En su debut, los Stooges sonaban contenidos. Había un tremendo potencial en temas como "I wanna be your dog", "No fun" o "1969", pero Iggy no estaba sacado y la banda parecía demasiado prolija. En su segundo disco "Fun House" quizás no hay tantos hits como en el primero, pero hay una diferencia fundamental en la producción: la banda está grabada -intencionalmente- casi como si estuviera tocando en vivo, que era el momento más glorioso que se pudiera concebir si hablamos de los Stooges. Todo se transforma entonces en un océano brutal, crudo, decadente y salvaje, donde podemos entender cuál fue la fuerza arrolladora que inspiró a los Sex Pistols, los Clash, los Pixies, Sonic Youth, Nirvana y The Hives. El disco empieza con una canción bien guarra y callejera: "Down on the street", puro nihilismo y ganas de tomarse la vida en fondo blanco.

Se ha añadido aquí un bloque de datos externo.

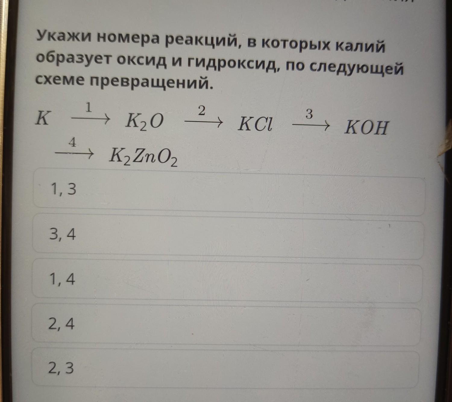 Укажи номера реакций, в которых калий образует оксид и гидроксид, по следующей схеме превращений. K K20 KzZnO2 4 → 1,3 3,4 1,4 2,4 1 2,3 2 + KCl 3 → КОН

Y en el segundo tema, "Loose", Iggy hace su declaración de principios, anunciándonos en un alarido primal: "Well I'm loose!!!". Si te quedaba alguna duda al respecto, queda instantáneamente disipada en "T.V. Eye" el mejor tema del disco, donde Iggy aulla como el niño salvaje que es sobre uno de los mejores riffs que ha dado la historia del garage y una bata que es una locomotora fuera de control. En este disco Iggy suelta ese animal enjaulado de "The Stooges" y lo deja ser, en cada alarido, en cada desgarro de la garganta, en cada gemido amenazante (la increíble "Dirty" es un soberbio ejemplo) sabés que estás ante el "rock and roll life style" hecho persona. Y esa vida de reviente y descontrol es lo más sano que le puede pasar a alguien como Iggy, quien en "1970" declama con entusiasmo juvenil que quiere "a night that will last all night, till I'm blown away" y reafirma su compromiso con el descontrol eterno con un desenfrenado: "I feel all right!". Pero si los Stooges armaban una fiesta lo hacían con estilo y por eso daban rienda suelta a un caótico free jazz con sabor a Coltrane, en la canción "Fun House". El colapso final, ese que pinta a los Stooges de cuerpo entero se llama "LA Blues" un cataclísmico jam session, donde desde el vamos los Stooges te cantan las cuarenta con los gritos de Iggy Pop y un largo acople que funciona como la mecha que lleva lentamente a la explosión. Y cuando explota es todo energía animal carente de toda forma o sentido, más que tocar catártica y caóticamente. Es que el rock and roll se trata de eso, ¿o no?